= Frans Geysen =

Belgian composer

Frans Geysen (born 29 July 1936) is a Belgian composer and a writer on music topics.

==Biography==
Frans Geysen was born in Oostham, and studied music at the Lemmens Institute in Mechelen, and at the conservatories of Antwerp and Ghent. In 1962 he became professor of harmony and analysis at the Lemmens Institute, and since 1975 has taught at the Royal Conservatory in Brussels.

==Musical style==
In 1962 he started using serial techniques, but in 1967 turned against the rhythmic aperiodicity and discontinuity characteristic of that technique. Instead, he began to use repetitive rhythmic structures similar to those of American minimalists such as Glass, Reich, Riley, and Young, though he developed these rhythmic ideas independently and retained the constructivism of serial thinking. He also continued to use twelve-tone rows often in his music, utilizing rows lacking thirds, perfect fifths, and semitones, in order to avoid suggestions of tonality and mutual attraction between pitches. His music is abstract, excluding emotion as either expression or goal.
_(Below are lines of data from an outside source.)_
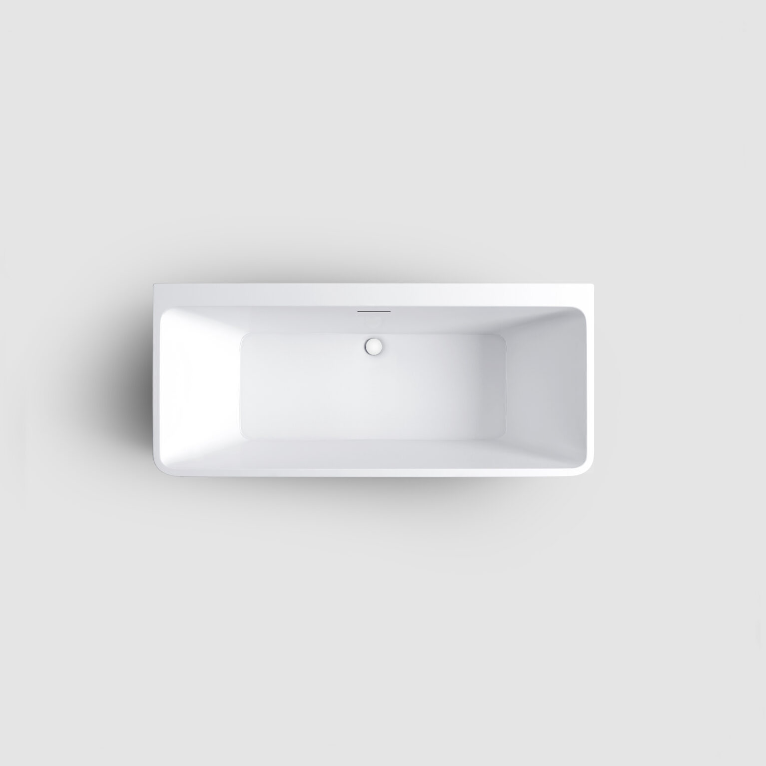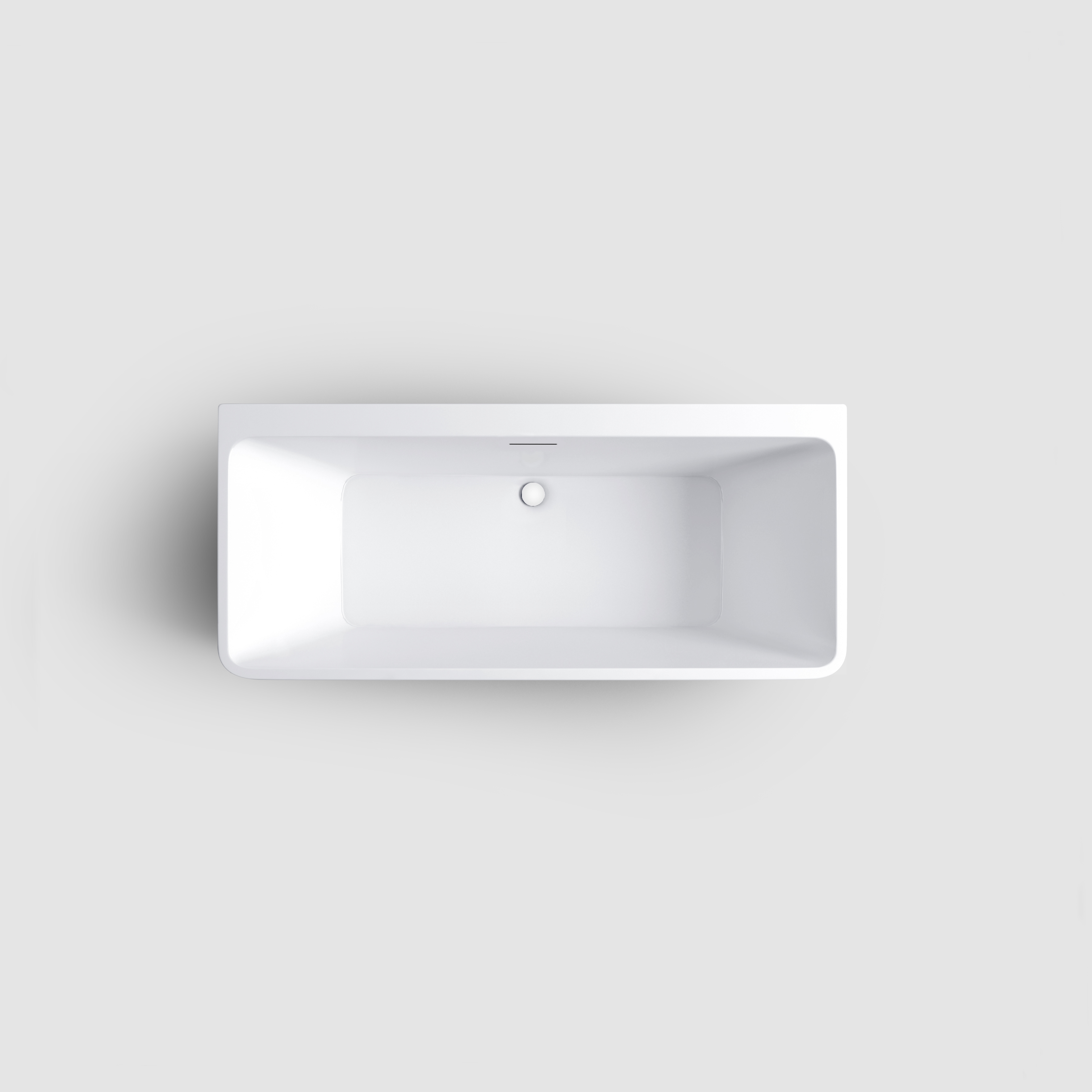 InBe bathtub for placement to the wall, rectangular, white acrylic. White Viega stop/go drain, Viega trap included. Slit overflow. Weight 36kg, volume 270l.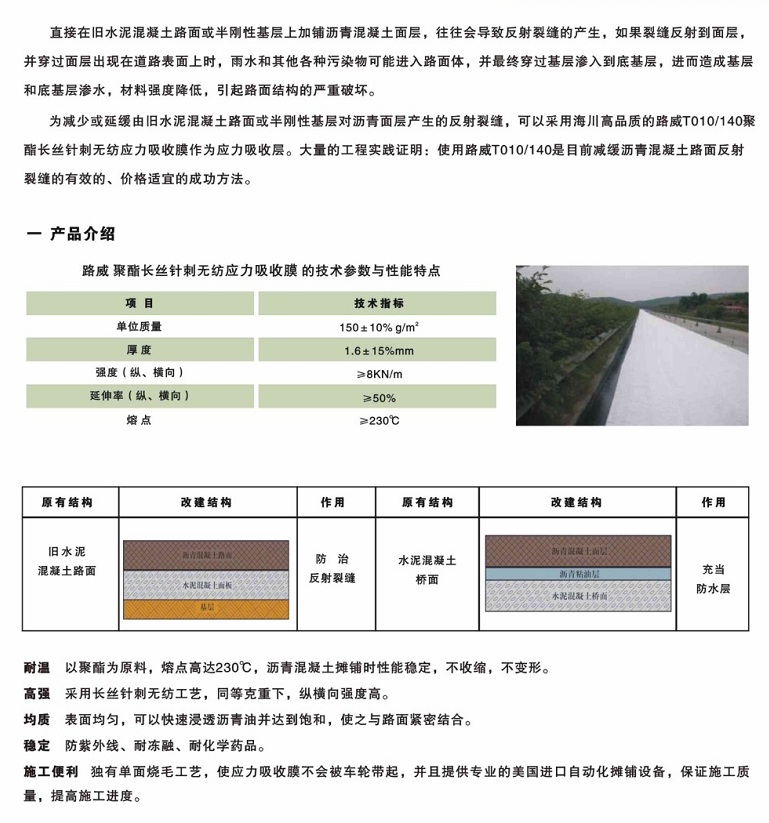 耐温:以聚酯为原料,熔点高达230摄氏度,沥青混凝土摊铺时性能稳定,不收缩,不变形;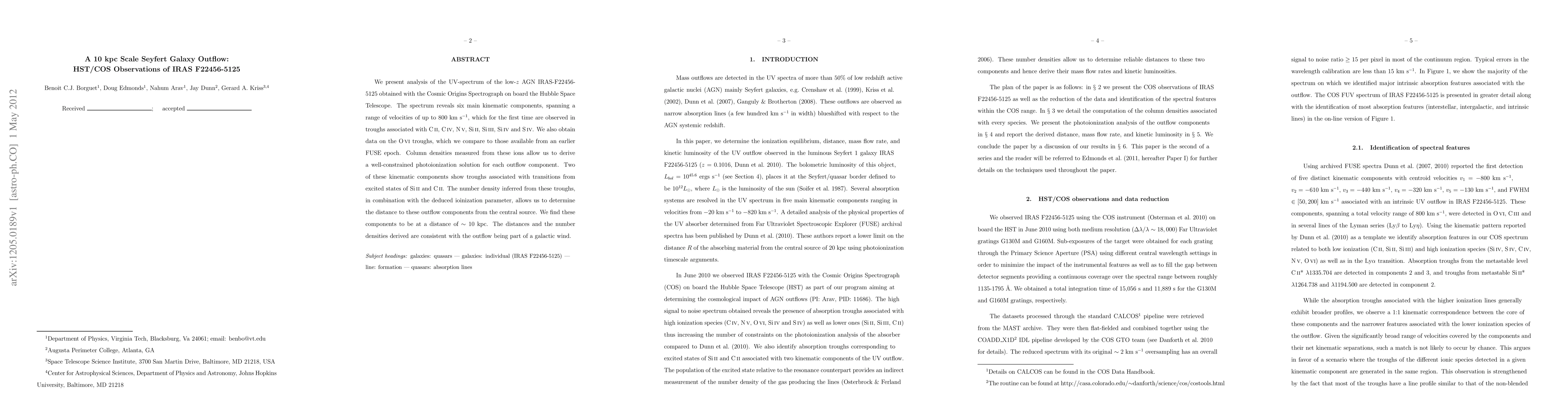 We present analysis of the UV-spectrum of the low-z AGN IRAS-F22456-5125 obtained with the Cosmic Origins Spectrograph on board the Hubble Space Telescope. The spectrum reveals six main kinematic components, spanning a range of velocities of up to 800 km s-1, which for the first time are observed in troughs associated with CII, CIV, NV, SiII, SiIII, SiIV and SIV. We also obtain data on the OVI troughs, which we compare to those available from an earlier FUSE epoch. Column densities measured from these ions allow us to derive a well-constrained photoionization solution for each outflow component. Two of these kinematic components show troughs associated with transitions from excited states of SiII\ and CII. The number density inferred from these troughs, in combination with the deduced ioinization parameter, allows us to determine the distance to these outflow components from the central source. We find these components to be at a distance of ~ 10 kpc. The distances and the number densities derived are consistent with the outflow being part of a galactic wind.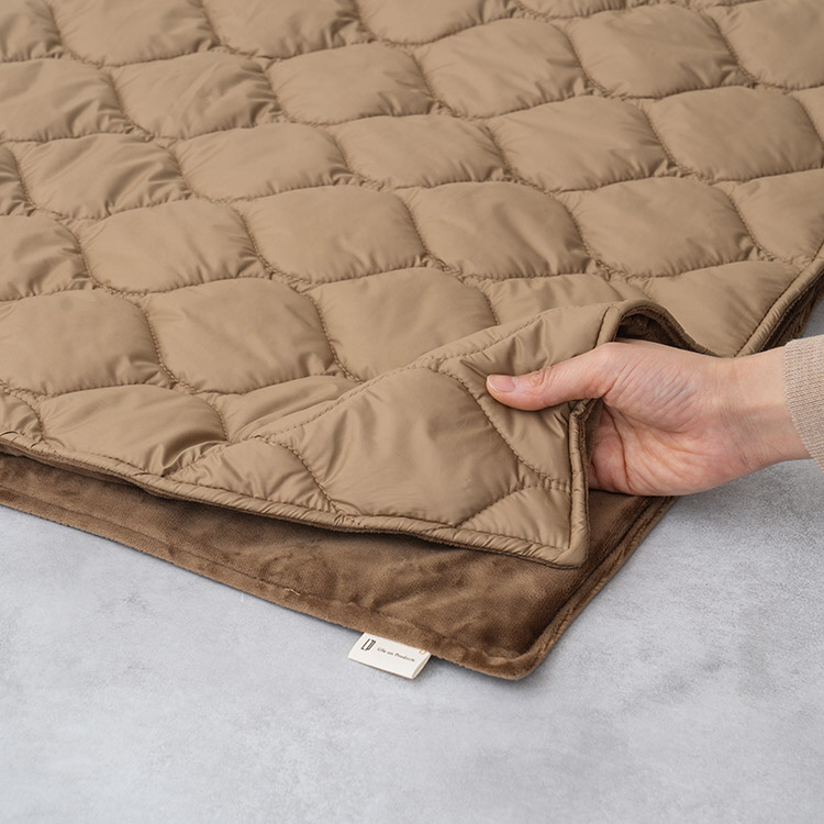 表地キルト素材、裏地は肌触りなめらかなボアを採用。首下から足まで入るサイズ感ながら、軽い点が魅力。手洗いOKでいつでも清潔に使える点も◎。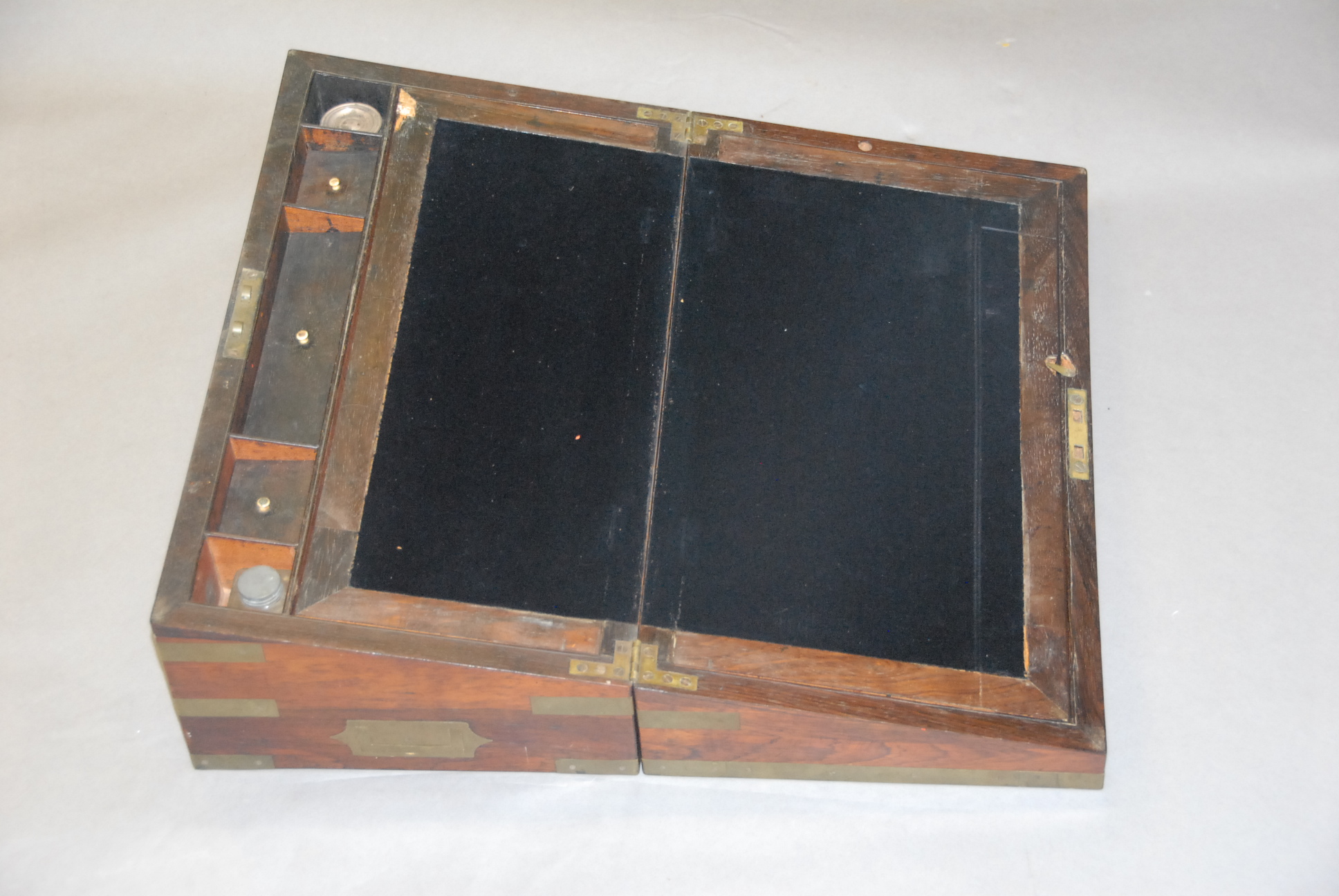 Brass bound rosewood lap desk minor brass missing.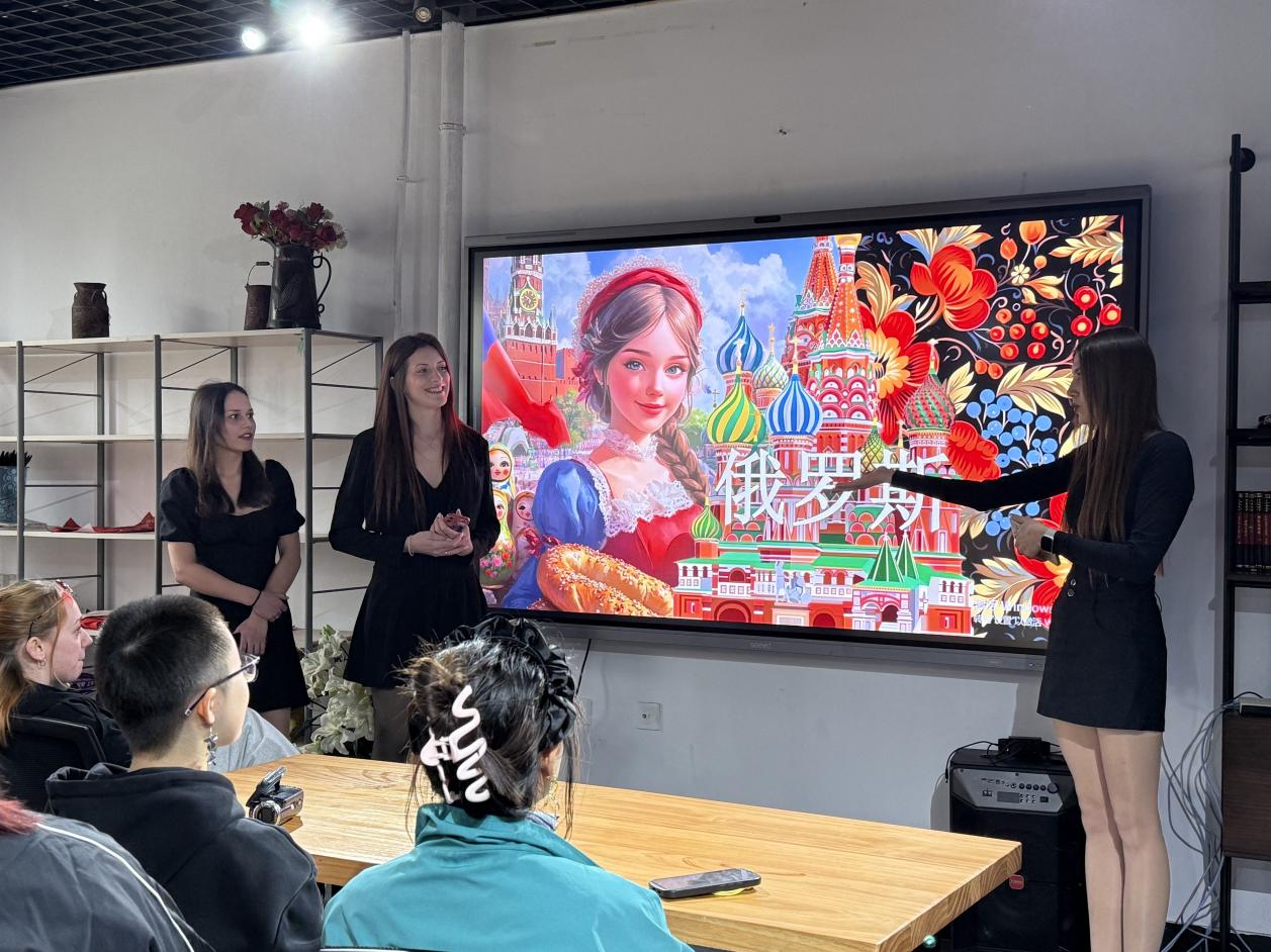 活动中,她们化身 “家乡推荐官”,用精美的图片展现俄罗斯各地绝美风光,仿佛让大家一秒穿越到俄罗斯。教学俄语问候交流环节,更是趣味十足,现场充满欢声笑语。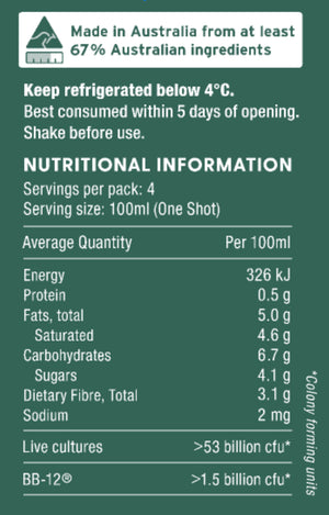 | Live cultures | >53 billion cfu* | |

He explores a purposeful monotony, inspired by the monotony of the landscape of Flanders—and especially its easternmost province, Limburg, where he grew up. His compositions include theatrical works, choral and chamber music, the orchestral Staalkaarten voor een hoboconcert (1991), and many works for piano, organ, and carillon.

==Writings==
- 1968. "Prognose voor een eucharistieviering". Adem: Tweemaandelijks tijdschrift voor liturgische muziek 2:50–53.
- 1974. "Eigen compositorische bevindingen in vergelijking met het werk van de jonge Amerikaanse school". Adem: Driemaandelijks tijdschrift voor musikalischen Volkskunde 10, no. 1 (Jan-Feb): 24-30.
- 1977. "De spiraalgedachte van Stockhausen en anderer componisten". Adem: Driemaandelijks tijdschrift voor musikalischen Volkskunde 13, no. 3:130–33.
- 1981. "Olivier Messiaens Cinq réchants, een analytische benadering". Adem: Driemaandelijks tijdschrift voor musikalischen Volkskunde 17, no. 5 (Nov-Dec): 246–50.
- 1982. "Sporen der Middeleeuwen in hedendaagse Franse koormuziek". Adem: Driemaandelijks tijdschrift voor musikalischen Volkskunde 18, no. 1 (Jan-Feb): 26–28.
- 1982. "Sporen der Renaissance in hedendaagse Europese koormuziek". Adem: Driemaandelijks tijdschrift voor musikalischen Volkskunde 18, no. 2 (Mar-Apr): 71–73.
- 1982. "Sporen van de barok in de 20ste-eeuwse muziek". Adem: Driemaandelijks tijdschrift voor musikalischen Volkskunde 18, no. 3:128–31.
- 1982. "Sporen van het Classicistisch modulatiemodel in muziek van deze tijd". Adem: Driemaandelijks tijdschrift voor musikalischen Volkskunde 18, no. 4 (Sept-Oct): 181–85.
- 1982. "Sporen van Romantiek in muziek van deze tijd". Adem: Driemaandelijks tijdschrift voor musikalischen Volkskunde 18, no. 5 (Nov-Dec): 241–48.
- 1984. "Plastische Kunsten en Muziek van deze eeuw: Parallellie in de inspiratie, werkwijze, resultaat?" Adem: Driemaandelijks tijdschrift voor musikalischen Volkskunde 20, no. 1 (Jan–Feb): 15–20.
- 1985. "Bach en het actuele componeren". Adem: Driemaandelijks tijdschrift voor musikalischen Volkskunde 21, no. 1 (Jan.–Mar.): 21–24.
- 1985. "Wat Bach je doet? Een eindeloze cadens". Adem: Driemaandelijks tijdschrift voor musikalischen Volkskunde 21, no. 3 (July–September): 140–44.
- 1986. "Het orgeloeuvre van Lucien Goethals". Orgelkunst 9, no. 2 (June):29-37.
- 1987. "Ken het orgel een hedendaags componist nog in zijn ban houden?" Orgelkunst 10, no. 3 (Sept): 21–31.
- 1988. "Analyse: Met het oog of met het oor?" Adem: Driemaandelijks tijdschrift voor musikalischen Volkskunde 24, no. 1 (Jan-Mar): 28–30.
- 1993. "Vier orgelstukken (1988-1992) of de niet aflatende verrukking". Orgelkunst 16, no. 3:124–37
- 1994. "Bachs Preludium en Fuga in a". Orgelkunst 17, no. 1:21–34.
- 2000. "Lucien Goethals' muziek voor orgel-solo". Revue belge de musicologie/Belgisch tijdschrift voor muziekwetenschap 54 (Liber amicorum Lucien Goethals): 179–88.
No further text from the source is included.